There was never really any doubt that I would join the Army in some form or other. My father served in the Royal Navy seeing action in the Falklands War, and my two grandfathers served in the RAF and the Royal Army Service Corps during the 1950s. When you are bought up with this kind of heritage, and hear the stories that surround these experiences, I guess it was simply in the blood. My father and maternal grandfather were both marksmen and in due course I would follow in their footsteps, achieving marksman status in all of my annual personal weapons tests and ultimately becoming second-in-command of a sniper section.

At the age of sixteen, I attempted to join the Royal Marines. In hindsight this was far too early as my body had simply not developed sufficiently to cope with the physical standards required. However, I was close and completed the assessment tests satisfactorily apart from one that required you to lift your own body weight in the form of three overhand pull-ups immediately after a gruelling non-stop session in the gymnasium. I would have been able to pass it a few years later, but at that time I could not quite manage it and thus failed.

Soon afterwards, I telephoned the Army recruitment office in Reading, where I lived with my father at the time, to book an appointment to speak with the recruiting sergeant there. As I entered his office, I felt at ease and generally comfortable in myself. The sergeant himself was tall and amusing, and was in the Royal Gloucestershire, Berkshire and Wiltshire Regiment (RGBW), now amalgamated into The Rifles. I recall a song playing in the background that I really liked at the time and I still play to this day called My United States of Whatever by Liam Lynch. I also remember feeling generally relaxed and at ease while talking to the sergeant, enjoying a feeling of being at home within the military whose sense of humour is different from that in civilian life, much of it based on banter between comrades.

I had two or three meetings with the sergeant over a period of time, discussing where I would go, which part of the armed forces I would join and where I would undergo my training. There were a number of choices open to me regarding training; although approaching the age of seventeen, I would still be joining the Army as what is known as a ‘boy soldier.’ I had to choose between the standard twenty-four weeks training at the Infantry Training Centre at Catterick, in North Yorkshire, or a longer period of training at the Army Foundation College at Harrogate. Despite the fact that those who were trained at Harrogate tended to be promoted a little more rapidly, I decided that I wanted to complete my training as soon as possible and so opted for Catterick.

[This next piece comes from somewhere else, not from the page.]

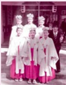
秋祭り神事にて巫女さんと一緒に

あつという間に三ヶ月が経ってしまっ、本当に信じられませんが、毎日が楽しくて、今まで皆さんのおかげでいろいろなことを山ほど習ってきて、とても感謝しています。これからもよろしく願います。

My first day in the British Army for training was Valentine’s Day 2003, but not exactly filled with romance! I made my way down to the Army Training Regiment at Pirbright to undergo the selection process for the Army, which lasted two days. Having previously trained hard to pass the three-day selection assessment for the Royal Marines, which I had come so very close to achieving, I experienced little difficulty with the Army tests because of my high level of physical fitness

One of these was the ‘bleep test’ where you have to run a certain distance before the bleep sounds and back again before it sounds again and so on, until too exhausted to make it before the next bleep. There was a target of fourteen bleeps set by the Royal Marines and twelve for the Army. I completed sixteen and can recall, as everyone dropped out, myself and another lad sprinting back and forwards like mad men for what seemed an eternity. We also underwent a number of command tasks. I remember one in particular where there were mats, vaulting horses and other items of gymnasium equipment neatly arranged to resemble cannons. We had to work in teams of four or five, dismantling our cannon and carrying it from one mat before reassembling it. I was placed in charge of my team and generally tried to do what I thought was correct, such as taking command, making decisions and issuing orders.

Other tests included completing a timed mile and a half run. In the Royal Marines it was three miles, so once again my previous training paid off and I completed the test without any difficulty. Those two days at Pirbright cemented my enjoyment of Army life. I had been used to living away from home, spending time with my father in Reading and my mother in Peterborough, so homesickness was not a problem for me. That, together with my high level of physical fitness, made things easier and not too daunting. I was, of course, somewhat naïve. I remember thinking that I would join the Army and be allowed to choose the job I wanted, in my case to be a member of a sniper platoon. This is most definitely not the case, because selection for the platoon is based on skills and aptitude for the role.

For the moment, anyway, I had passed the selection tests for the Army and now had to undergo training as an infantryman. If, in due course, I wanted to become a sniper I would have to win my place in platoon on merit alone.